Expanding access to weight loss medications could save tens of thousands of lives annually, according to an analysis published in PNAS.

Medications like semaglutide (Wegovy/Ozempic, Novo Nordisk) and tirzepatide (Mounjaro, Zepbound) “have demonstrated remarkable efficacy in clinical trials, resulting in weight reductions previously considered unattainable through pharmaceutical means alone,” Abhishek Pandey, PhD, a research scientist in epidemiology at Yale School of Public Health, and colleagues wrote.

A pile of pills
The current uptake of weight loss drugs would reduce deaths by 8,592 annually. Image: Adobe Stock

The drugs’ effectiveness for obesity treatment has resulted in their usage soaring over the past couple of years, but their accessibility is significantly impacted by factors like supply shortages, high costs and a lack of insurance coverage.

Specifically, costs of weight loss drugs can range from around $900 to $1,000 or more, whereas Medicare does not cover the medications solely for weight loss, which may affect older patients who could benefit from them, the researchers noted.

“The cost barrier is further compounded by the ongoing need for these medications, as discontinuation often leads to weight regain, necessitating a long-term financial commitment from patients,” they wrote.

In the analysis, Pandey and colleagues determined the potential reduction of deaths in the United States that would result from expanded weight loss drug access by using established associations between BMI and mortality risk and obesity prevalence data.

They estimated annual decreases in mortality under two scenarios: the current uptake of weight loss medications and expanded access.
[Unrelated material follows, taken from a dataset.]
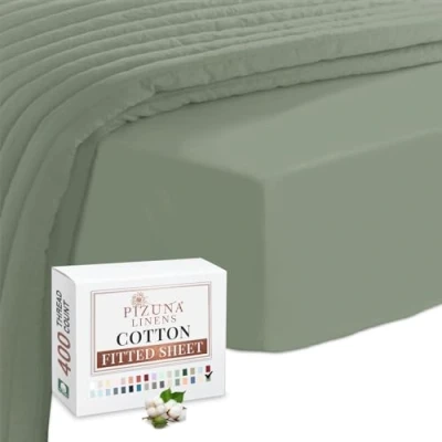 Pizuna 100% Cotton Small Double Fitted Sheet Sea Foam, 400 Thread Count Long Staple Sheets 120x200 cm, Sateen Weave 40 cm Deep 1 PC Foam
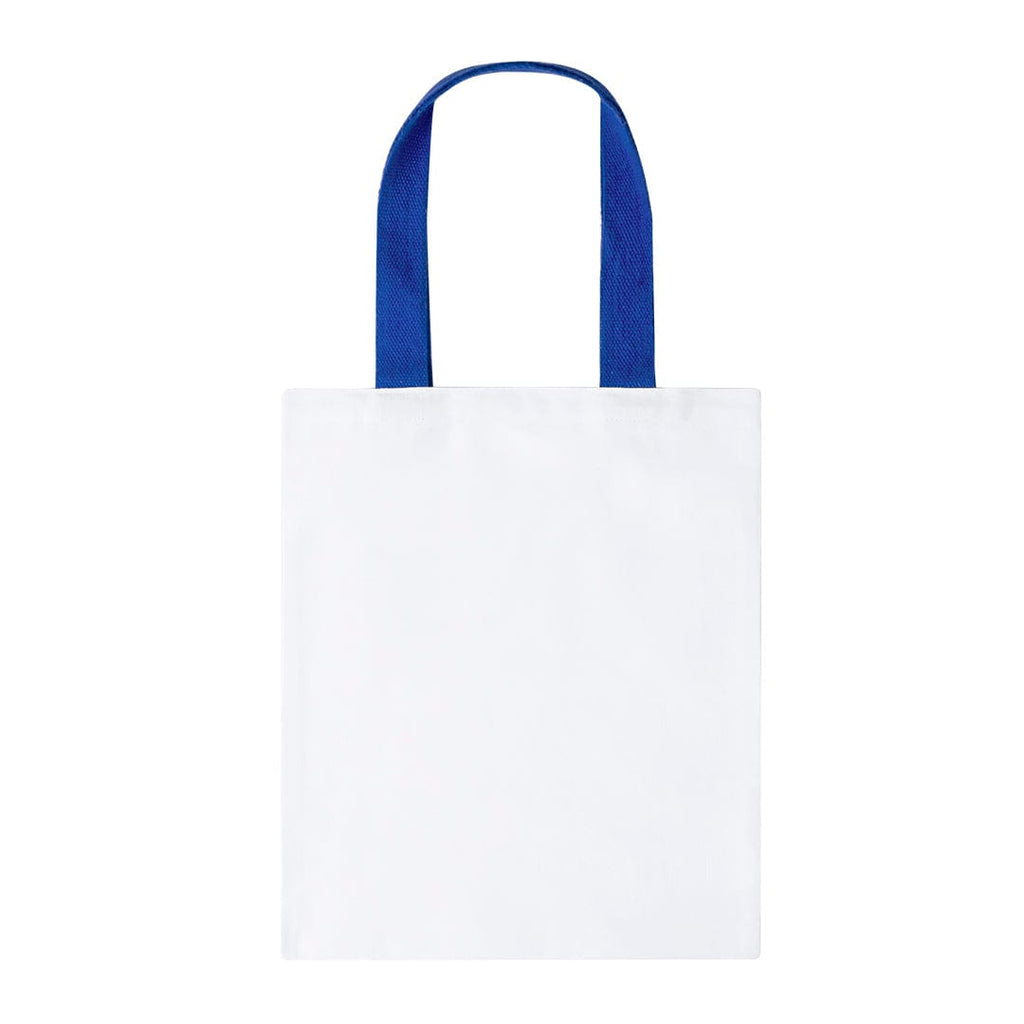 Borsa in tela da 230 g/m2. In bianco, con finitura cucita resistente e manici rinforzati in diversi colori, lunga 60 cm.

In the latter scenario, “we take into account that drug uptake is contingent upon eligibility, the ability to obtain health care services and individual willingness to take the medication,” the researchers noted.
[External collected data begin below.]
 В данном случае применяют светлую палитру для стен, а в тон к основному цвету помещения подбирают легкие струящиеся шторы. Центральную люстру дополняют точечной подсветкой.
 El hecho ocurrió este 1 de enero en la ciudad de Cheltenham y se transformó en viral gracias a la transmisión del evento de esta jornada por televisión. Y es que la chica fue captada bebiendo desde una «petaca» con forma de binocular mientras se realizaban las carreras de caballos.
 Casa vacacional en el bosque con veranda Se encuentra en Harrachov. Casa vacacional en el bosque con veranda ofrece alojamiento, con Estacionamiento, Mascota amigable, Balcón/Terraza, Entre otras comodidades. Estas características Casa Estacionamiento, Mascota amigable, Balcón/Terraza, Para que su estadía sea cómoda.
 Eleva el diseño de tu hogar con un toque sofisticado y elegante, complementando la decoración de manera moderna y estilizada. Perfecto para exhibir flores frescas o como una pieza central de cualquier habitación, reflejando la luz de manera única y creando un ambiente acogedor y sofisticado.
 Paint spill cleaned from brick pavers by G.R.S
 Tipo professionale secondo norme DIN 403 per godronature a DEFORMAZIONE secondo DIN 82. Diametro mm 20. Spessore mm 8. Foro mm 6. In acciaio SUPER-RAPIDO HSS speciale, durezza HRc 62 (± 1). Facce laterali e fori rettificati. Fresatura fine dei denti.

They found that the total number of deaths would be reduced by 8,592 yearly at the current uptake level (95% uncertainty interval [UI], 8,580-8,604), with 71% of these deaths being individuals with private insurance.

Under expanded access, the number of reduced deaths would rise to 42,027 annually (95% UI, 41,990-42,064), 11,769 of which would be individuals with overweight and type 2 diabetes (95% UI, 11,707-11,832).

Additionally, the prevalence of obesity would decline from 42% to 38%.

Pandey and colleagues also adjusted individuals’ mortality reduction based on their income to account for socioeconomic factors.

This adjustment led to 32,906 fewer deaths annually under expanded access (95% UI, 32,875-32,938).

However, as many as 165,574 lives (95% UI, 165,421-165,727) could be saved yearly “under the optimistic scenario of willingness and adherence,” the researchers wrote.

They pointed out that they did not account for how obesity-related mortality might differ in the presence of factors like lifestyle modifications or prevention-based interventions.

“The availability of comprehensive weight management programs that integrate prevention-based approaches with access to these drugs could be the most effective strategy to mitigate the repercussions of obesity,” they suggested. “Such programs may also mean that not all eligible individuals would need to be on the drugs.”

The researchers concluded that the information “underscores the urgency of addressing access barriers, including affordability, insurance coverage and prescriber awareness.”

“Such policies could galvanize a new era of American well-being and prosperity,” they wrote.